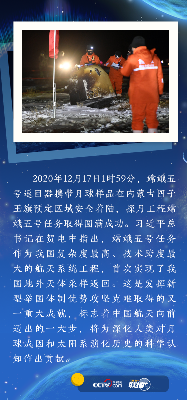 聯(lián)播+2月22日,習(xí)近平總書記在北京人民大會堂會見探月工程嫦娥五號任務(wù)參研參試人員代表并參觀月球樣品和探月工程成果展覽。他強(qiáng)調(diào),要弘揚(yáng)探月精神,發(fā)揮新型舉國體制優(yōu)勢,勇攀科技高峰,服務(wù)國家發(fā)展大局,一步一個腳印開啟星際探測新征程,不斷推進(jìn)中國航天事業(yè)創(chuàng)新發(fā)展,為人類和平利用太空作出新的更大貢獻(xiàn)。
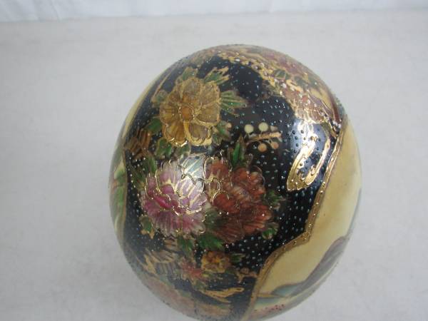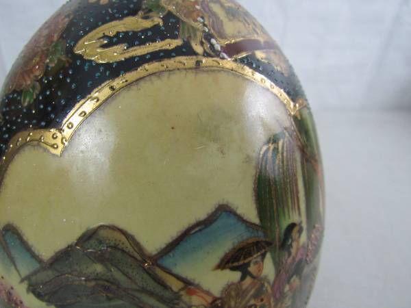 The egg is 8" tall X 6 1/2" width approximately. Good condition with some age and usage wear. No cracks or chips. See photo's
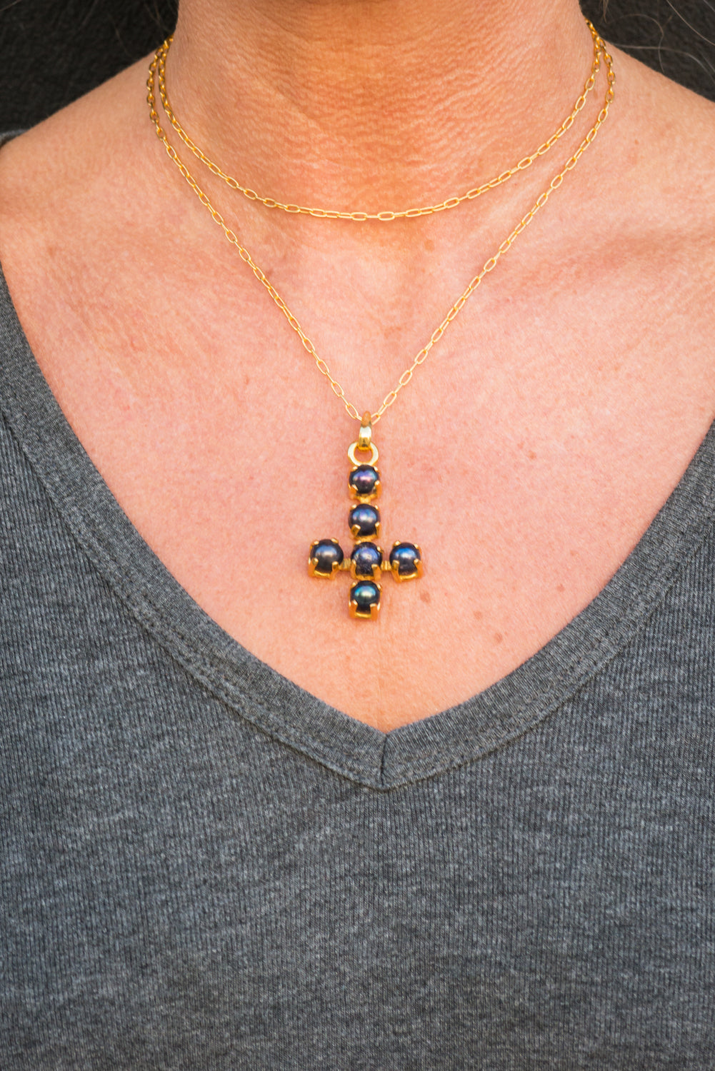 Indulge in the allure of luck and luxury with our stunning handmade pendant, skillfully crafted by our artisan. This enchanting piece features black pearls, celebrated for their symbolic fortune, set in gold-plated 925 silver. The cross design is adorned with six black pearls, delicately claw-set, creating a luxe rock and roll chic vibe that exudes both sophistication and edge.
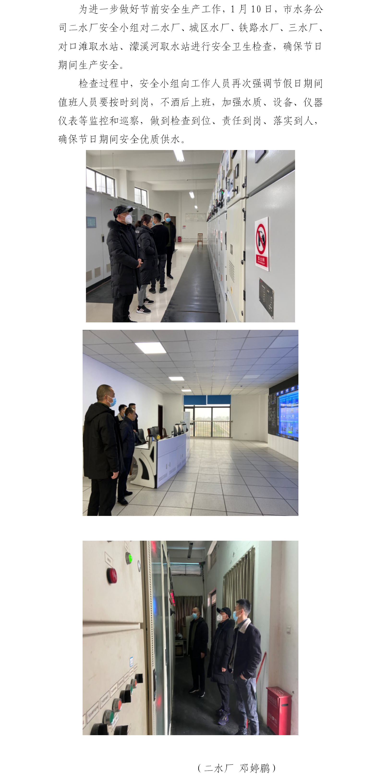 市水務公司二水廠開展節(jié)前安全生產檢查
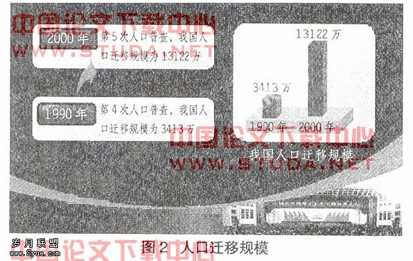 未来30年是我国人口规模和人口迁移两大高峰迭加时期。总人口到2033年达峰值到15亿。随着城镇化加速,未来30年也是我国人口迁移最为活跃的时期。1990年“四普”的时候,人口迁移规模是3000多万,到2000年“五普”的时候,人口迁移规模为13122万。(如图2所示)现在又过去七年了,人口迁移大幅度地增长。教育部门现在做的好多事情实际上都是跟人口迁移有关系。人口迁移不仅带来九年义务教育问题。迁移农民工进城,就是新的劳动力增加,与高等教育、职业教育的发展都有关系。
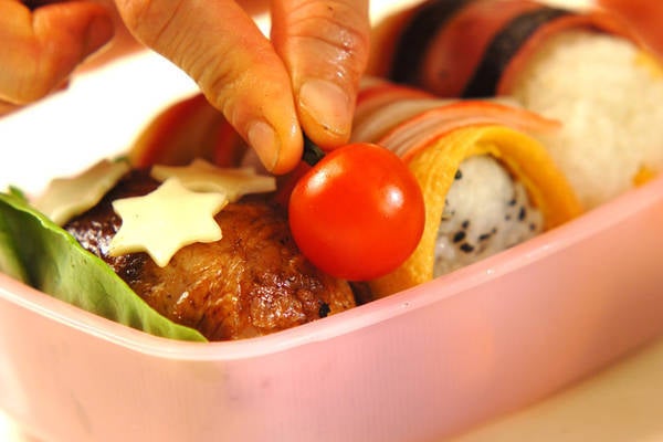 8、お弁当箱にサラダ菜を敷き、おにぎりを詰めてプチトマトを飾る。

__________________________________________________

THE PROBLEM
Word for word, retype the lines in the entries above that run from the one with "Indulge in the" through the one with "市水務公司二水廠開展節(jié)前安全生產檢查". Both ends count; pictures do not.

EXERCISE OUTPUT
 Indulge in the allure of luck and luxury with our stunning handmade pendant, skillfully crafted by our artisan. This enchanting piece features black pearls, celebrated for their symbolic fortune, set in gold-plated 925 silver. The cross design is adorned with six black pearls, delicately claw-set, creating a luxe rock and roll chic vibe that exudes both sophistication and edge.
 市水務公司二水廠開展節(jié)前安全生產檢查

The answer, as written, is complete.